From the first line of the entries down to the line with "- Země původu", write out every line exactly; that last line counts, but pictures do not.

Records drawn from a dataset:
################

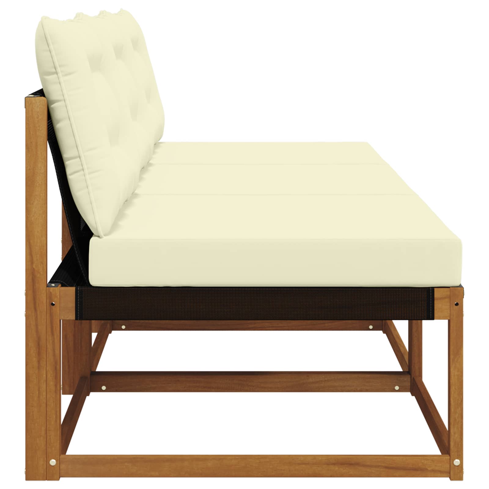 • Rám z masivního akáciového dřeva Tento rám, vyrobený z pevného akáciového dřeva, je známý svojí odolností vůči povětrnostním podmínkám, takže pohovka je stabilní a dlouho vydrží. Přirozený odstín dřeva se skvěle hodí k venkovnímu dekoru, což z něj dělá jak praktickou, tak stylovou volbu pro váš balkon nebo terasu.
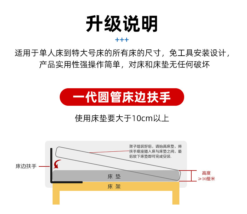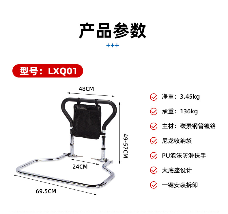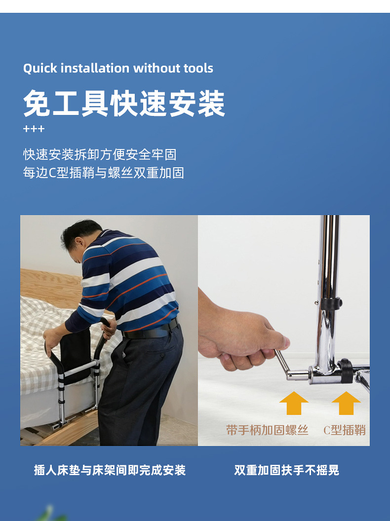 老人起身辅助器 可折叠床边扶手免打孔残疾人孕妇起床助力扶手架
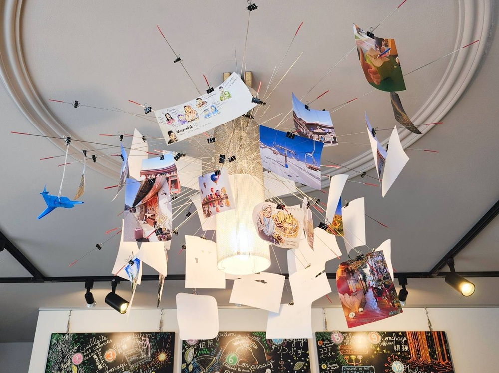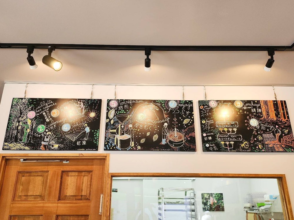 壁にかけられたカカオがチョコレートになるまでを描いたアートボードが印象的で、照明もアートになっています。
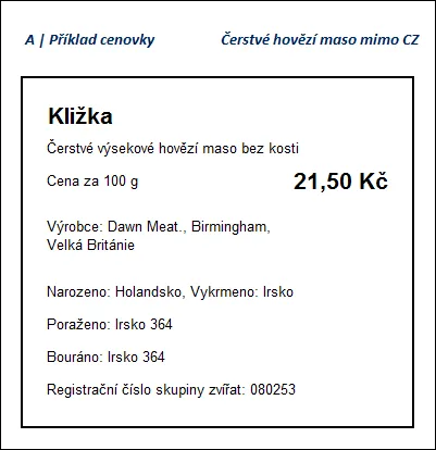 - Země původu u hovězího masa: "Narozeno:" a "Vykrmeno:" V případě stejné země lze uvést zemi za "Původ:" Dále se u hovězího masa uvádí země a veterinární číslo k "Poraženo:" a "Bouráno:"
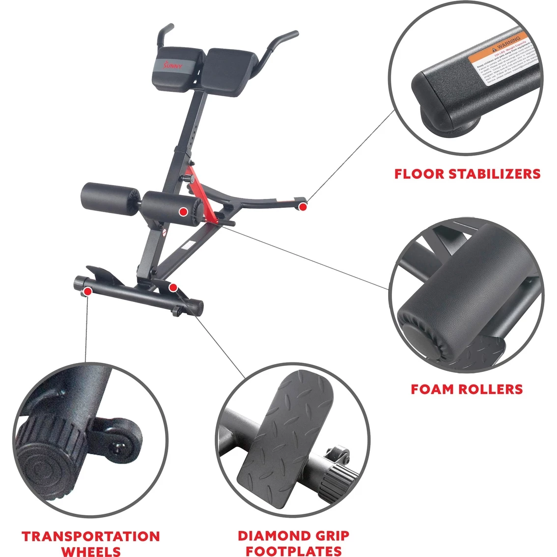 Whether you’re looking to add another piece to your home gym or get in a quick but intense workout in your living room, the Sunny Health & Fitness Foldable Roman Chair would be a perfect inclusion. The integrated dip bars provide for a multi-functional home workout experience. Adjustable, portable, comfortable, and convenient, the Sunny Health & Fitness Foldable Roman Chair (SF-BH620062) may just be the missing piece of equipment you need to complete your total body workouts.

################

_Response to this task_
 • Rám z masivního akáciového dřeva Tento rám, vyrobený z pevného akáciového dřeva, je známý svojí odolností vůči povětrnostním podmínkám, takže pohovka je stabilní a dlouho vydrží. Přirozený odstín dřeva se skvěle hodí k venkovnímu dekoru, což z něj dělá jak praktickou, tak stylovou volbu pro váš balkon nebo terasu.
 老人起身辅助器 可折叠床边扶手免打孔残疾人孕妇起床助力扶手架
 壁にかけられたカカオがチョコレートになるまでを描いたアートボードが印象的で、照明もアートになっています。
 - Země původu u hovězího masa: "Narozeno:" a "Vykrmeno:" V případě stejné země lze uvést zemi za "Původ:" Dále se u hovězího masa uvádí země a veterinární číslo k "Poraženo:" a "Bouráno:"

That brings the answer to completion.